Meseret Yeshaneh

Personal information
- Nationality: Ethiopian
- Born: 12 May 2005 (age 21)

Sport
- Country: Ethiopia
- Sport: Athletics
- Event: 3000 metres steeplechase

Achievements and titles
- Personal best(s): 3000 m st.: 9:33.34 (Nairobi, 2022)

Medal record
Women's athletics
Representing Ethiopia
World U20 Championships
| Bronze medal – third place | 2022 Cali | 3000 m st. |
World Cross Country Championships
| Gold medal – first place | 2023 Bathurst | Junior team |

= Meseret Yeshaneh =

Ethiopian steeplechase runner (born 2005)

Meseret Yeshaneh (born 12 May 2005) is an Ethiopian runner.

==Career==
She was a bronze medalist at the 2022 World Athletics U20 Championships in Cali, Colombia, in the 3000 metres steeplechase.

She finished sixth in the individual U20 event and gold in the team U20 event at the 2023 World Athletics Cross Country Championships in Bathurst, Australia.
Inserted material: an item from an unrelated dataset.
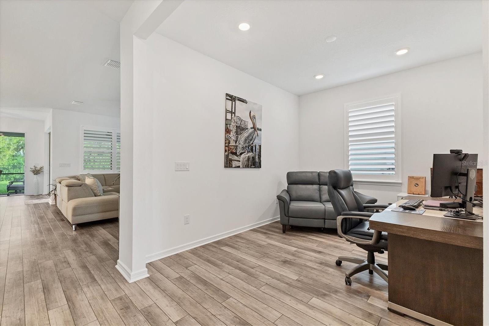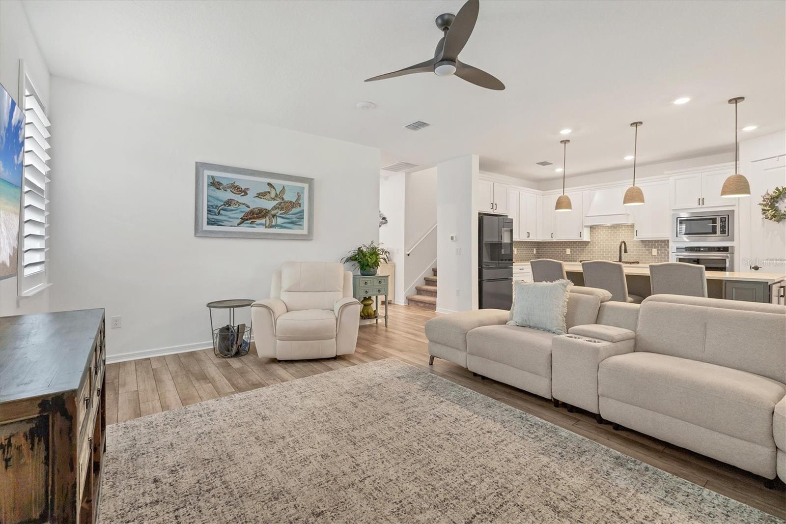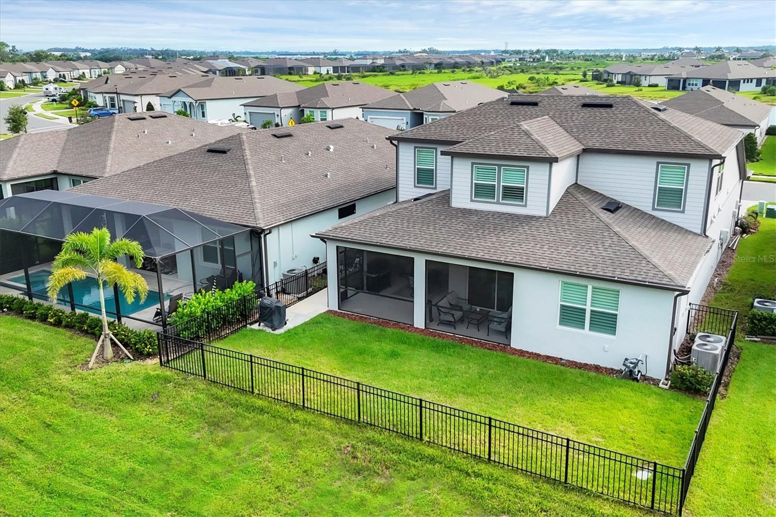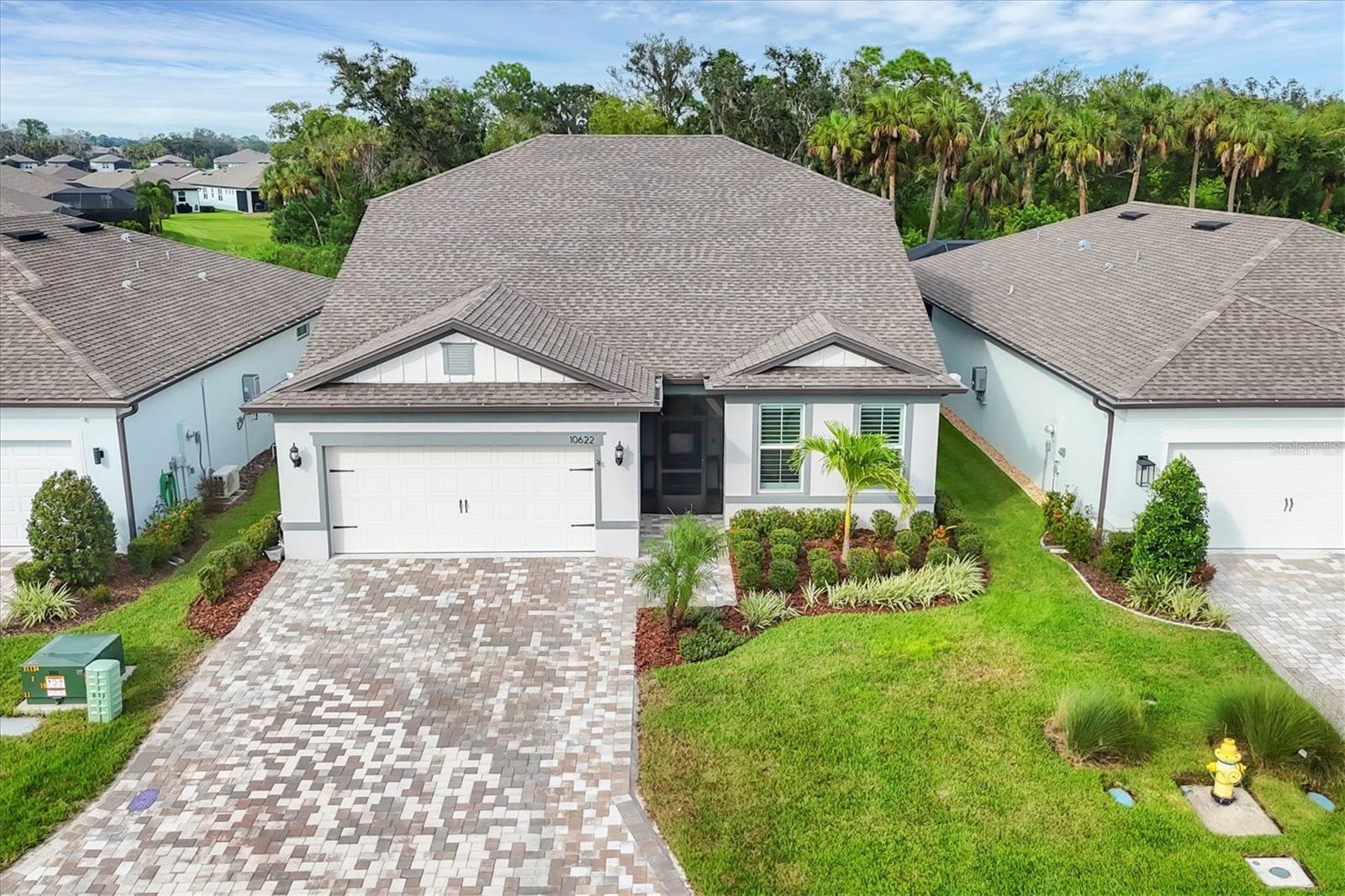 Welcome to your dream home in Del Webb, Parrish’s premier 55+ community! This stunning Mystique Grand model offers 3 bedrooms, 3 bathrooms, and 2,867 sq. ft. of beautifully designed living space. Lightly lived in and meticulously maintained, this home feels like new and is loaded with thoughtful upgrades. Step inside to find luxury vinyl plank flooring throughout the first floor, custom plantation shutters, and upgraded fans and lighting in every room. The open-concept layout flows seamlessly into the chef-ready gourmet kitchen and spacious living areas, perfect for both entertaining and everyday comfort. Enjoy the privacy of being the only fenced home in Del Webb, backing to a quiet, unbuildable preserve for serene views and no rear neighbors. Outdoor living is made easy with a concrete lanai pad and widened driveway, plus the home is pre-wired for a generator, outdoor kitchen, and pool — giving you endless options to customize your oasis. Home was built with an oversized 3-car tandem garage. Additional features include a whole-home water softener and overhead garage storage, maximizing convenience and comfort. Del Webb Parrish offers world-class amenities, including multiple resort-style pools, included a shaded pool, jacuzzi, fitness center, clubhouse, pickleball/bocce/ & tennis courts. The community's lively calendar of activities appeals to every interest.
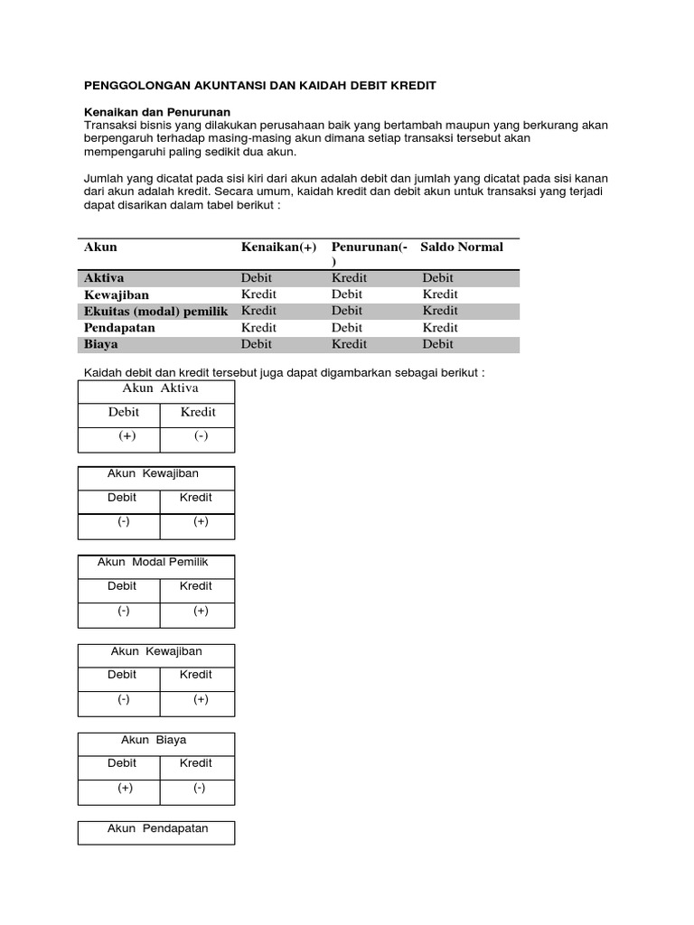 Debit dan kredit dalam akuntansi. Mekanisme Debet dan Kredit - Pencatatan transaksi keuangan harus menggunakan akun dan sesuai dengan mekanisme yang benar. Perkiraan/rekening/akun (account) adalah suatu formulir (alat) yang digunakan untuk mencatat penambahan dan pengurangan aktiva, kewajiban, modal, pendapatan, dan beban serta untuk menggolongkan transaksitransaksi yang sejenis. Baca Juga : Mengenal istilah Debit dan Kredit Dalam Akuntansi Contoh Debit dan Kredit Dalam Transaksi Umum. Berikut ini ada beberapa contoh debit dan kredit yang terdapat di transaksi umum perusahaan dagang atau yang lainnya, dan sering terjadi pada sebuah bisnis:. Menjual barang dagang secara tunai kepada pelanggan, maka akun debitnya adalah Kas, dan akun kreditnya adalah Pendapatan. Debit dan kredit dalam akuntansi menjadi sebuah elemen dasar yang penting untuk menyusun sebuah laporan keuangan yang benar. Selain itu dalam memasukkan data pada jurnal, debit dan kredit harus seimbang. Jika tidak maka dapat diambil kesimpulan bahwa ada kesalahan yang terjadi. Karena data debit dan kredit yang baik selalu disertai dengan kwitansi atau nota yang dapat dipercaya. Di dalam dunia akuntansi, istilah debit dan kredit memang banyak disebutkan. Dengan memahami bedanya debit dan kredit akuntansi, Anda dapat mengerjakan pembukuan secara benar dan tanpa kesalahan posting transaksi.

She finished fourth at the Cardiff Cross Challenge, on the World Athletics Cross Country Tour, in November 2023.

She won 3000 metres at the Belgrade Indoor Meeting, on the World Athletics Indoor Tour, in a time of 8:56.32 in January 2025.

==Personal life==
She is the sister of marathon runner Ababel Yeshaneh.